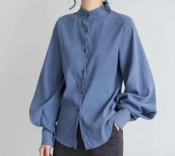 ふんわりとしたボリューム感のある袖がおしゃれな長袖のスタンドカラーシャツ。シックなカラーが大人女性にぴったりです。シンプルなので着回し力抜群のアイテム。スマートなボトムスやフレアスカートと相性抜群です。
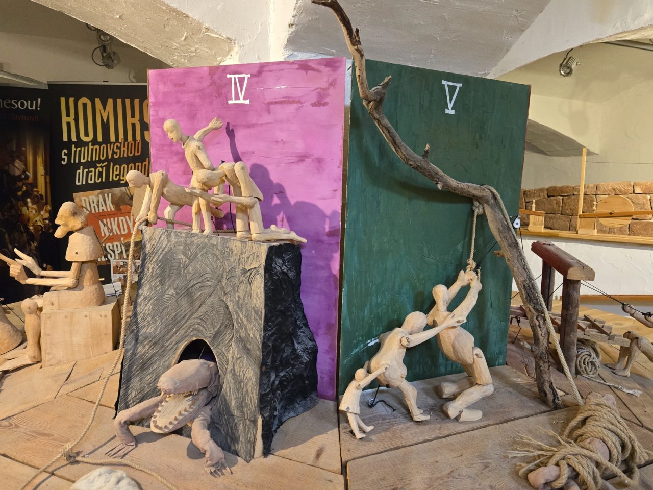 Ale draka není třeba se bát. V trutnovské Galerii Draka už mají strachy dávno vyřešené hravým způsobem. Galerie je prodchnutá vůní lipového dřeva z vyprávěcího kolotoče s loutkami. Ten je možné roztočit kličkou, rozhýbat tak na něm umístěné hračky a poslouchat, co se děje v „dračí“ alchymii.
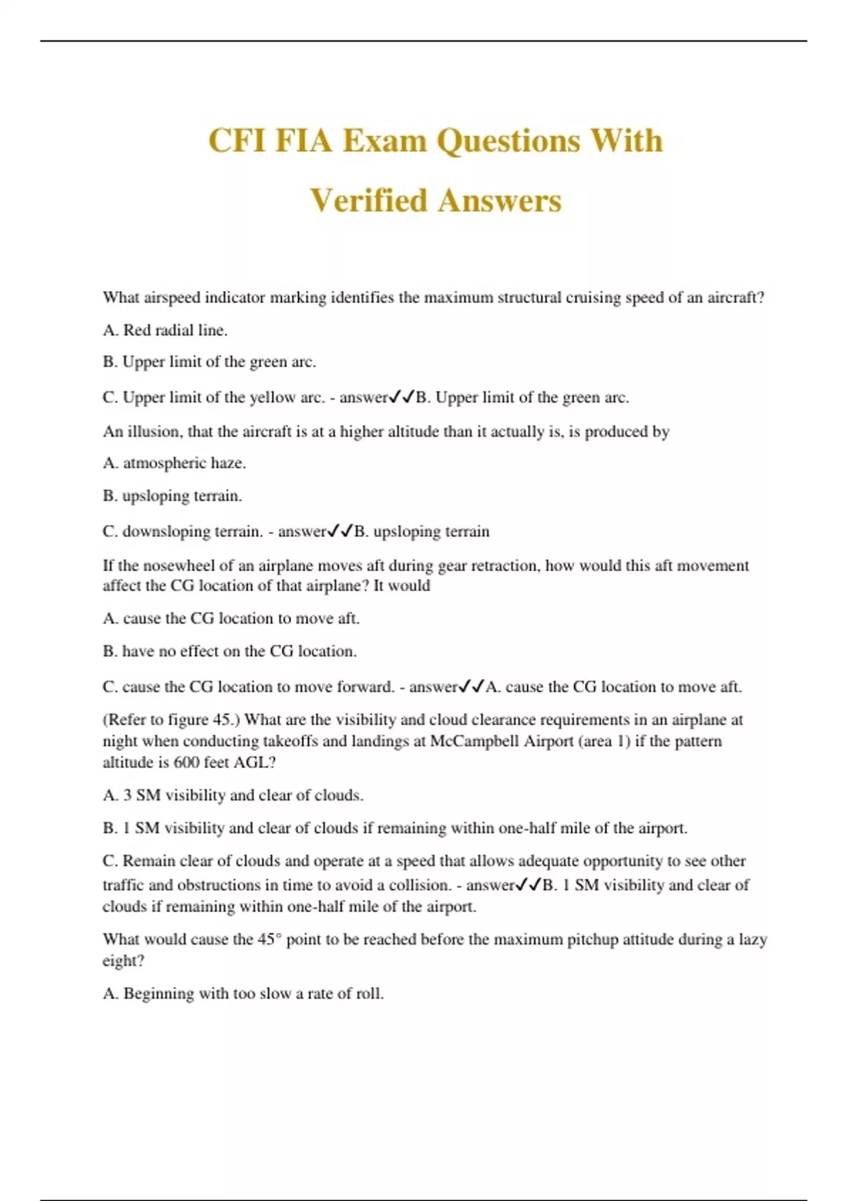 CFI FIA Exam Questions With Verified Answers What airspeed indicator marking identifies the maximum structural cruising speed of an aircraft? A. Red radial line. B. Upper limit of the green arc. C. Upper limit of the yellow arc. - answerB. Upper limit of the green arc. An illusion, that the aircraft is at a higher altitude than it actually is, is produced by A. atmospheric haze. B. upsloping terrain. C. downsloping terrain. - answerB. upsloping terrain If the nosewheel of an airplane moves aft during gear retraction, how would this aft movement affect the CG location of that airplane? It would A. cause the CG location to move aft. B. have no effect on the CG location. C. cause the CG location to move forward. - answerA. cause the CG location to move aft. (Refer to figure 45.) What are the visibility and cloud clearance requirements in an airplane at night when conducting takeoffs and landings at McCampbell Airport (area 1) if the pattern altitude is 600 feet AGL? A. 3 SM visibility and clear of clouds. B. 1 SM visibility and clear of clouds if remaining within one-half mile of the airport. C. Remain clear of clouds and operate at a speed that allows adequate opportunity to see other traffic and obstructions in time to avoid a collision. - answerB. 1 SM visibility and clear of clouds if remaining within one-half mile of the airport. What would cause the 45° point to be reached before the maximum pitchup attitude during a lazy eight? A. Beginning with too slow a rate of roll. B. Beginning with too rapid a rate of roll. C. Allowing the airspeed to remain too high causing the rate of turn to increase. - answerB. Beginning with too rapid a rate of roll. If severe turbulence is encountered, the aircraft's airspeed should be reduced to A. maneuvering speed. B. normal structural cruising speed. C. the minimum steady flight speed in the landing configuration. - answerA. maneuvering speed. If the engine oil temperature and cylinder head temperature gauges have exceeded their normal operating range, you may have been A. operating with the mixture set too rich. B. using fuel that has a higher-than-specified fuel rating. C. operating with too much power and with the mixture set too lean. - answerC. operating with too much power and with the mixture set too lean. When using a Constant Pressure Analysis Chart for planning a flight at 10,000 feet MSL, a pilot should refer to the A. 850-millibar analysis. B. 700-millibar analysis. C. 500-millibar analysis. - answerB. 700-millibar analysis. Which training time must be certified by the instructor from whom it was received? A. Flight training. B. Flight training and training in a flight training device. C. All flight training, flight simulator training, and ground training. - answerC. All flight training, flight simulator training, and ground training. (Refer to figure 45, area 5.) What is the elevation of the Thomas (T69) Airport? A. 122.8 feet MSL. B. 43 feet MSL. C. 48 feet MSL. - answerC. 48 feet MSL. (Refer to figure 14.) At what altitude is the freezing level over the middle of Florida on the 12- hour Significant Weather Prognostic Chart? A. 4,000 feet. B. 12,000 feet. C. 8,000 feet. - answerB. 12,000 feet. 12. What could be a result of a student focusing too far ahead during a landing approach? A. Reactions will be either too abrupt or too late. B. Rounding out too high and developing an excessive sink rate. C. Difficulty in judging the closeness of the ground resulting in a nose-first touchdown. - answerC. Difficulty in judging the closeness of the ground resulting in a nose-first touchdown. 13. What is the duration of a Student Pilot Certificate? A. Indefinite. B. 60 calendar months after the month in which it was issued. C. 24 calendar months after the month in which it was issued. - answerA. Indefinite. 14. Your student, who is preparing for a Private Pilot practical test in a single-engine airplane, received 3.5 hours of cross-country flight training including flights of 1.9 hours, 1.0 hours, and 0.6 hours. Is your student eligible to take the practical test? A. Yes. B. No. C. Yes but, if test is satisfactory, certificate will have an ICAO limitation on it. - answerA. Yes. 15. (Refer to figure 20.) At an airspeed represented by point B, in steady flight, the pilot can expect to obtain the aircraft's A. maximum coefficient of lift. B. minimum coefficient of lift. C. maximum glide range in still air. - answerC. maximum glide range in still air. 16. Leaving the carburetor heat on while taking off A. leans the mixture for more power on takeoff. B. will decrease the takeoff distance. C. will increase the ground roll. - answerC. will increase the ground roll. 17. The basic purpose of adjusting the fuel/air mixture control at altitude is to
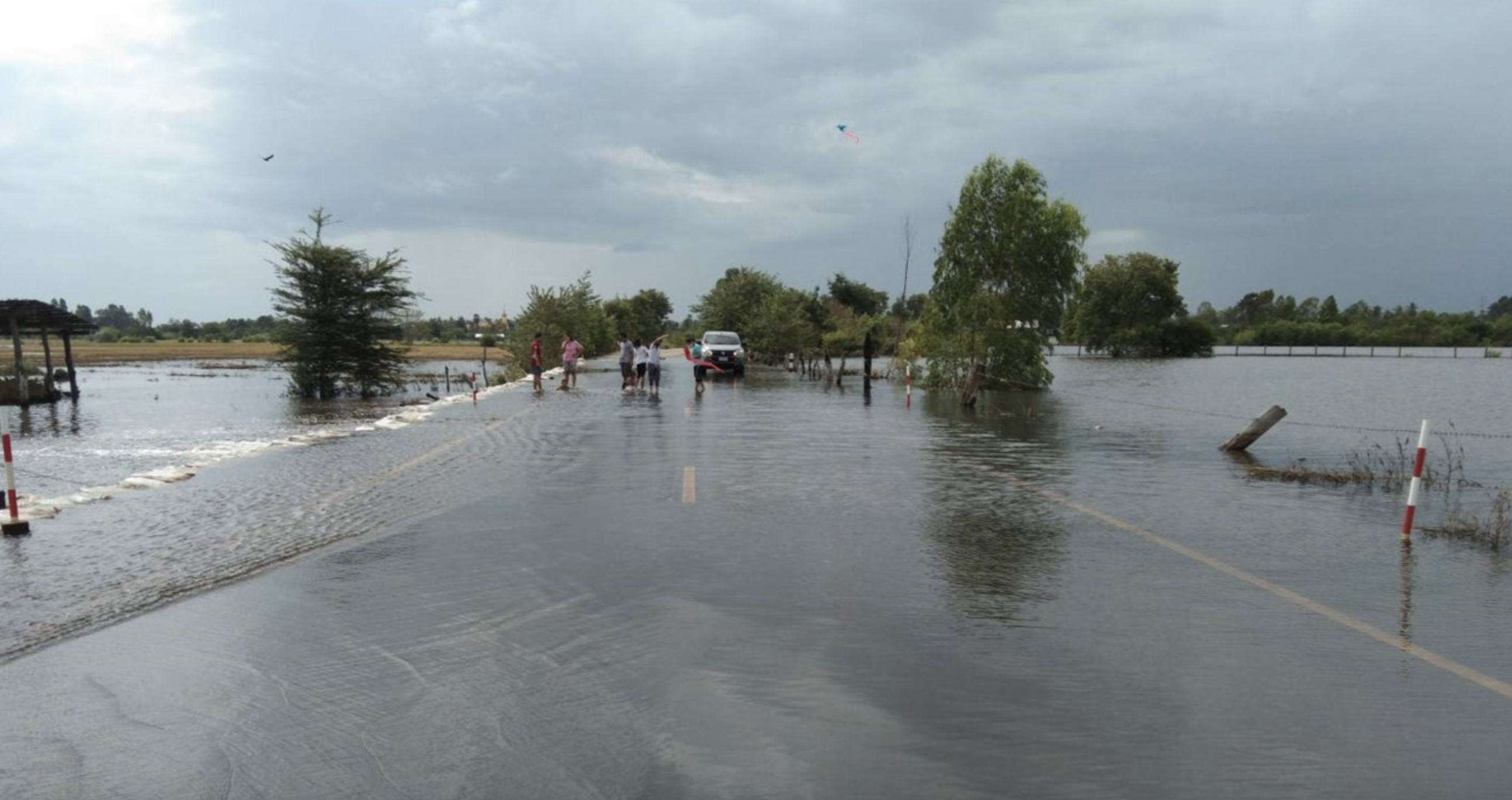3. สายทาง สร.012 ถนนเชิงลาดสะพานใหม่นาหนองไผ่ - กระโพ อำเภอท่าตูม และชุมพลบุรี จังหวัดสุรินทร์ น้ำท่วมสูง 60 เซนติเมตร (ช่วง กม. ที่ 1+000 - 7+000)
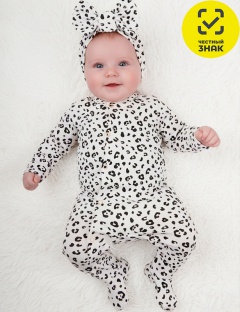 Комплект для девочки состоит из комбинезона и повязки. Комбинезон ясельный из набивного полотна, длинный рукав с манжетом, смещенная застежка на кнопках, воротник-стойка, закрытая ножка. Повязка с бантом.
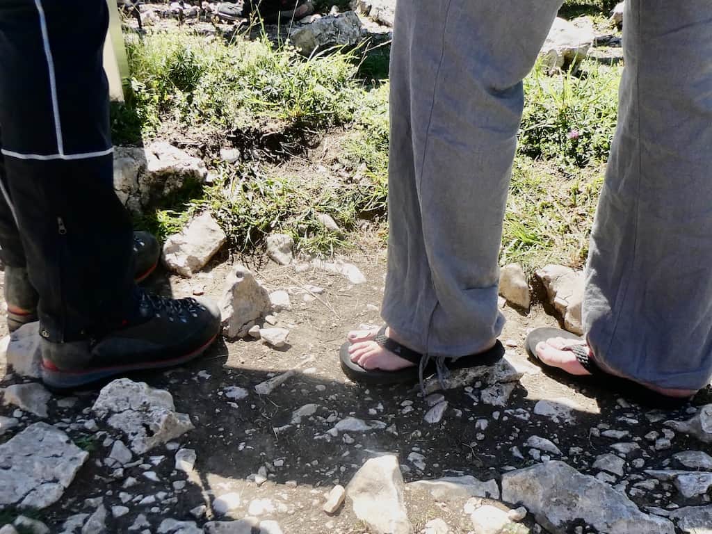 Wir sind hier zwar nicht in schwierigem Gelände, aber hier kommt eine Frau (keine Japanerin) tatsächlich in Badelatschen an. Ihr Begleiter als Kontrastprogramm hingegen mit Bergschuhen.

----

> **Instructions for the task**: Skip the pictures. Restate everything else in the records word for word.

> **Response to the exercise**:
 ふんわりとしたボリューム感のある袖がおしゃれな長袖のスタンドカラーシャツ。シックなカラーが大人女性にぴったりです。シンプルなので着回し力抜群のアイテム。スマートなボトムスやフレアスカートと相性抜群です。
 Ale draka není třeba se bát. V trutnovské Galerii Draka už mají strachy dávno vyřešené hravým způsobem. Galerie je prodchnutá vůní lipového dřeva z vyprávěcího kolotoče s loutkami. Ten je možné roztočit kličkou, rozhýbat tak na něm umístěné hračky a poslouchat, co se děje v „dračí“ alchymii.
 CFI FIA Exam Questions With Verified Answers What airspeed indicator marking identifies the maximum structural cruising speed of an aircraft? A. Red radial line. B. Upper limit of the green arc. C. Upper limit of the yellow arc. - answerB. Upper limit of the green arc. An illusion, that the aircraft is at a higher altitude than it actually is, is produced by A. atmospheric haze. B. upsloping terrain. C. downsloping terrain. - answerB. upsloping terrain If the nosewheel of an airplane moves aft during gear retraction, how would this aft movement affect the CG location of that airplane? It would A. cause the CG location to move aft. B. have no effect on the CG location. C. cause the CG location to move forward. - answerA. cause the CG location to move aft. (Refer to figure 45.) What are the visibility and cloud clearance requirements in an airplane at night when conducting takeoffs and landings at McCampbell Airport (area 1) if the pattern altitude is 600 feet AGL? A. 3 SM visibility and clear of clouds. B. 1 SM visibility and clear of clouds if remaining within one-half mile of the airport. C. Remain clear of clouds and operate at a speed that allows adequate opportunity to see other traffic and obstructions in time to avoid a collision. - answerB. 1 SM visibility and clear of clouds if remaining within one-half mile of the airport. What would cause the 45° point to be reached before the maximum pitchup attitude during a lazy eight? A. Beginning with too slow a rate of roll. B. Beginning with too rapid a rate of roll. C. Allowing the airspeed to remain too high causing the rate of turn to increase. - answerB. Beginning with too rapid a rate of roll. If severe turbulence is encountered, the aircraft's airspeed should be reduced to A. maneuvering speed. B. normal structural cruising speed. C. the minimum steady flight speed in the landing configuration. - answerA. maneuvering speed. If the engine oil temperature and cylinder head temperature gauges have exceeded their normal operating range, you may have been A. operating with the mixture set too rich. B. using fuel that has a higher-than-specified fuel rating. C. operating with too much power and with the mixture set too lean. - answerC. operating with too much power and with the mixture set too lean. When using a Constant Pressure Analysis Chart for planning a flight at 10,000 feet MSL, a pilot should refer to the A. 850-millibar analysis. B. 700-millibar analysis. C. 500-millibar analysis. - answerB. 700-millibar analysis. Which training time must be certified by the instructor from whom it was received? A. Flight training. B. Flight training and training in a flight training device. C. All flight training, flight simulator training, and ground training. - answerC. All flight training, flight simulator training, and ground training. (Refer to figure 45, area 5.) What is the elevation of the Thomas (T69) Airport? A. 122.8 feet MSL. B. 43 feet MSL. C. 48 feet MSL. - answerC. 48 feet MSL. (Refer to figure 14.) At what altitude is the freezing level over the middle of Florida on the 12- hour Significant Weather Prognostic Chart? A. 4,000 feet. B. 12,000 feet. C. 8,000 feet. - answerB. 12,000 feet. 12. What could be a result of a student focusing too far ahead during a landing approach? A. Reactions will be either too abrupt or too late. B. Rounding out too high and developing an excessive sink rate. C. Difficulty in judging the closeness of the ground resulting in a nose-first touchdown. - answerC. Difficulty in judging the closeness of the ground resulting in a nose-first touchdown. 13. What is the duration of a Student Pilot Certificate? A. Indefinite. B. 60 calendar months after the month in which it was issued. C. 24 calendar months after the month in which it was issued. - answerA. Indefinite. 14. Your student, who is preparing for a Private Pilot practical test in a single-engine airplane, received 3.5 hours of cross-country flight training including flights of 1.9 hours, 1.0 hours, and 0.6 hours. Is your student eligible to take the practical test? A. Yes. B. No. C. Yes but, if test is satisfactory, certificate will have an ICAO limitation on it. - answerA. Yes. 15. (Refer to figure 20.) At an airspeed represented by point B, in steady flight, the pilot can expect to obtain the aircraft's A. maximum coefficient of lift. B. minimum coefficient of lift. C. maximum glide range in still air. - answerC. maximum glide range in still air. 16. Leaving the carburetor heat on while taking off A. leans the mixture for more power on takeoff. B. will decrease the takeoff distance. C. will increase the ground roll. - answerC. will increase the ground roll. 17. The basic purpose of adjusting the fuel/air mixture control at altitude is to
3. สายทาง สร.012 ถนนเชิงลาดสะพานใหม่นาหนองไผ่ - กระโพ อำเภอท่าตูม และชุมพลบุรี จังหวัดสุรินทร์ น้ำท่วมสูง 60 เซนติเมตร (ช่วง กม. ที่ 1+000 - 7+000)
 Комплект для девочки состоит из комбинезона и повязки. Комбинезон ясельный из набивного полотна, длинный рукав с манжетом, смещенная застежка на кнопках, воротник-стойка, закрытая ножка. Повязка с бантом.
 Wir sind hier zwar nicht in schwierigem Gelände, aber hier kommt eine Frau (keine Japanerin) tatsächlich in Badelatschen an. Ihr Begleiter als Kontrastprogramm hingegen mit Bergschuhen.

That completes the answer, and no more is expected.